## Recorded information:
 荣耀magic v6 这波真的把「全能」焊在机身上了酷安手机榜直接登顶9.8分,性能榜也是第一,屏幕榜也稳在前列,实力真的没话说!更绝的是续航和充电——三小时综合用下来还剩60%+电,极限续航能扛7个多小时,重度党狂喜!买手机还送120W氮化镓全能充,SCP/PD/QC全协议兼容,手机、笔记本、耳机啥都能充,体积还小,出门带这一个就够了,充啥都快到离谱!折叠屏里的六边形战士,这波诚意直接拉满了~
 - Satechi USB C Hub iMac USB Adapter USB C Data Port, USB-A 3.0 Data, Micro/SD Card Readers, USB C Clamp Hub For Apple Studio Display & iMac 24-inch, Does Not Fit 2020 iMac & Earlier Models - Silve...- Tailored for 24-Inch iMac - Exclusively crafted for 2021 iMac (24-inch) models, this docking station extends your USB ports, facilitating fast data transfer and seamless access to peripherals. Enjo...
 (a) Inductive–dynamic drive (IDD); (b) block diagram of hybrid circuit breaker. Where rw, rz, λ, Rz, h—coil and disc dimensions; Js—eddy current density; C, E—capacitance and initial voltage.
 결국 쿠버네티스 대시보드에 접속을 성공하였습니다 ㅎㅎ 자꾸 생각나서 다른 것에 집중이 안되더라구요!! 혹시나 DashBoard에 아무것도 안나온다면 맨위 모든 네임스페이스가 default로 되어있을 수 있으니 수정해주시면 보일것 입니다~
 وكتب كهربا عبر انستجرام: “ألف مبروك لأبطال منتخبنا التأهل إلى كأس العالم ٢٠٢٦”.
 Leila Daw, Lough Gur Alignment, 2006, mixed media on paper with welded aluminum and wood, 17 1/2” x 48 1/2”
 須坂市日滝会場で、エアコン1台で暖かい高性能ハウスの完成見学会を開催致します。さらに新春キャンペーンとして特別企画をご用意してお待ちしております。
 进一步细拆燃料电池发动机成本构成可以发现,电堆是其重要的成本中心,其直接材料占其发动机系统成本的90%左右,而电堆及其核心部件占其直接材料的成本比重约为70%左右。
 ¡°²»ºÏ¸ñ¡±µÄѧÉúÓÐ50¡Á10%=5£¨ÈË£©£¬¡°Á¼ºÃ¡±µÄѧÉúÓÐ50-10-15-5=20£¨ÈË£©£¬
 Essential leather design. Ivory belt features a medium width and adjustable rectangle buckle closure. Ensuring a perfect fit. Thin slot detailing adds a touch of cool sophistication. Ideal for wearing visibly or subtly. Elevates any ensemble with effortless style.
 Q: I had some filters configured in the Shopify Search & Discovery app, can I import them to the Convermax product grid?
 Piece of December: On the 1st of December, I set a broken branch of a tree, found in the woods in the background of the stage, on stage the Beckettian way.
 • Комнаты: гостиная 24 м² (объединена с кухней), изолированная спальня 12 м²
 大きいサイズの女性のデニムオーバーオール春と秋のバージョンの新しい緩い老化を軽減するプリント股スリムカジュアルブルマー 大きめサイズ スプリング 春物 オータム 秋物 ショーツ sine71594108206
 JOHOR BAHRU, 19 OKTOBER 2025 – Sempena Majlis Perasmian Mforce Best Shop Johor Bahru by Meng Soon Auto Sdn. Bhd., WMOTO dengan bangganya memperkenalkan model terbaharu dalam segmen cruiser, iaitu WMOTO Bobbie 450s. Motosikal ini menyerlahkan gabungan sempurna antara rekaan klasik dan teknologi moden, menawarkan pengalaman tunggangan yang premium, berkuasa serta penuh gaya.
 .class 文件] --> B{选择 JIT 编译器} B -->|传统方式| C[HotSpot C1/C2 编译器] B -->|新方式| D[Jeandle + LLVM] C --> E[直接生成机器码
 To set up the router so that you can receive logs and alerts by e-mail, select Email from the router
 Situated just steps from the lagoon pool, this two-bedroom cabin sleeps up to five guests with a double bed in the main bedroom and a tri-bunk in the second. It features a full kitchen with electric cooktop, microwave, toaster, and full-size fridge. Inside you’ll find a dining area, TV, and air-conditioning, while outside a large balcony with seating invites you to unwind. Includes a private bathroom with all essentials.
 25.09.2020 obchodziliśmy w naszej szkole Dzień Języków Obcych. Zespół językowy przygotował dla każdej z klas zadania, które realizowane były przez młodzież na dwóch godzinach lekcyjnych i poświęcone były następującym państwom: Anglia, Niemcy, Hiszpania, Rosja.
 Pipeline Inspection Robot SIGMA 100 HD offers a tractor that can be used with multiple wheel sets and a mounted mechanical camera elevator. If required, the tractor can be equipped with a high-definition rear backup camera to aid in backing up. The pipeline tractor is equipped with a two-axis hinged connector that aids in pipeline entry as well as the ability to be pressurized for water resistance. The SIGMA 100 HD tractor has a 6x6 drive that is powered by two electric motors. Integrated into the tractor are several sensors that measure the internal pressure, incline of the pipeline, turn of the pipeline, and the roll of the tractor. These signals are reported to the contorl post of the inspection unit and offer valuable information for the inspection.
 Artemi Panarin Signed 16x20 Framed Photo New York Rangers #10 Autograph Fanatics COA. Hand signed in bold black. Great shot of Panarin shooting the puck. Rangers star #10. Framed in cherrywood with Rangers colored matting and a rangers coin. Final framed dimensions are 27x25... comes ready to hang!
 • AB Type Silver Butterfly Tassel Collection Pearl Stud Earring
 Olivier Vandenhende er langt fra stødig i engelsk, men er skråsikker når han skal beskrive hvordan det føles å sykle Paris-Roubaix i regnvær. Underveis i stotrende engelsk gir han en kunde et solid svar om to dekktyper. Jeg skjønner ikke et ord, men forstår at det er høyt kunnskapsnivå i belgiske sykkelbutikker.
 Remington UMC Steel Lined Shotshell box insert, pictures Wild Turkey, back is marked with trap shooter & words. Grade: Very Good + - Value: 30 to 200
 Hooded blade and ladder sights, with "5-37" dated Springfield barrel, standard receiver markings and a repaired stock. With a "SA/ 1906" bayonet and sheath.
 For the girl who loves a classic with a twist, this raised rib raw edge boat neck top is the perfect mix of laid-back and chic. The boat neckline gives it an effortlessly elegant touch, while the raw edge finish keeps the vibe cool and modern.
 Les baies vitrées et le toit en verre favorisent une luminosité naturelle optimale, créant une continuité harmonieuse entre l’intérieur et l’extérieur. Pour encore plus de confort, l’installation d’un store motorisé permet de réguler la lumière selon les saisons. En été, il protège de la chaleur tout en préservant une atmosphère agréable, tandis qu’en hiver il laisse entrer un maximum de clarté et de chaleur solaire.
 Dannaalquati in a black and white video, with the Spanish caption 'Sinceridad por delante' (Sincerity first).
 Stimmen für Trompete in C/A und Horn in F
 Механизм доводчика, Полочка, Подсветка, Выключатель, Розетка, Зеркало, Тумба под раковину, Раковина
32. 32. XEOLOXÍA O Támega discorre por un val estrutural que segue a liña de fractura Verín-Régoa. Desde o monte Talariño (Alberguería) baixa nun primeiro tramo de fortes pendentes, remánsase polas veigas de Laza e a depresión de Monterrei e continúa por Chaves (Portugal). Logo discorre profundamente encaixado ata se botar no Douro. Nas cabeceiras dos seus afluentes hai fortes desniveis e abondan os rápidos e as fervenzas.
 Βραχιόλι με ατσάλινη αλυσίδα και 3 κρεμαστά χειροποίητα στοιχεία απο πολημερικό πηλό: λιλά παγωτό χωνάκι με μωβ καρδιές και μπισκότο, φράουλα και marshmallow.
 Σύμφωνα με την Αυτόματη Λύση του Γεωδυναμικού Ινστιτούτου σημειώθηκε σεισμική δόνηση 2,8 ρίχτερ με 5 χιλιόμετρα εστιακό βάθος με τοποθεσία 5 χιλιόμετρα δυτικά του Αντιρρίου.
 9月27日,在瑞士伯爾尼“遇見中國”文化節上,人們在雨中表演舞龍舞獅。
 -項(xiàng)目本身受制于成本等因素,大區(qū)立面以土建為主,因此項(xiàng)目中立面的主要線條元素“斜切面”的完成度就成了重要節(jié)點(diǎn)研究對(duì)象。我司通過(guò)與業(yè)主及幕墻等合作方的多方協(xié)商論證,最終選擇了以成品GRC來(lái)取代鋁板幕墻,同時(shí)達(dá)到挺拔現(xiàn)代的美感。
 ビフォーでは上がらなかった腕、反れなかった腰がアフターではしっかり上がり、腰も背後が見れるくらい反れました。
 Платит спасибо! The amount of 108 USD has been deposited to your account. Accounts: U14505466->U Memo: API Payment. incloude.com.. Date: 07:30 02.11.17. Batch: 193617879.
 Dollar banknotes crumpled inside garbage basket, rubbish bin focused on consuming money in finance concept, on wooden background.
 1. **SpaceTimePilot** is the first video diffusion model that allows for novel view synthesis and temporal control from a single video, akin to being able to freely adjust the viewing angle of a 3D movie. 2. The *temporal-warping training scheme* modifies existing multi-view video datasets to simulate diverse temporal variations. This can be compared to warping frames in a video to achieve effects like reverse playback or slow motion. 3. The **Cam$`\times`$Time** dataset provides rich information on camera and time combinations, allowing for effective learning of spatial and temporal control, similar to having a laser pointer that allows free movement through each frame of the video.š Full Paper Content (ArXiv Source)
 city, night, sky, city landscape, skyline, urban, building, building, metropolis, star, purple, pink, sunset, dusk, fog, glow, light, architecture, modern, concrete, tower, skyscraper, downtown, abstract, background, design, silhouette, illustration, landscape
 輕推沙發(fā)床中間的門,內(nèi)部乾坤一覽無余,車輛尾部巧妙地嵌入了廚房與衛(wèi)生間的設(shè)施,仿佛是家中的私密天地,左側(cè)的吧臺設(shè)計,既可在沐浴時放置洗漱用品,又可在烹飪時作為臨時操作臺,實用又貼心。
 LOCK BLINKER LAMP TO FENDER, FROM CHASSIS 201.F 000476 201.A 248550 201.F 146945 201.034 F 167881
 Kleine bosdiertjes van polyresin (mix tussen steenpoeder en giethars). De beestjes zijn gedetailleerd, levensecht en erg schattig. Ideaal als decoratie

## Required action:
Count the lines of the listing that contain the word "video", and give only the number.

## Answer box:
2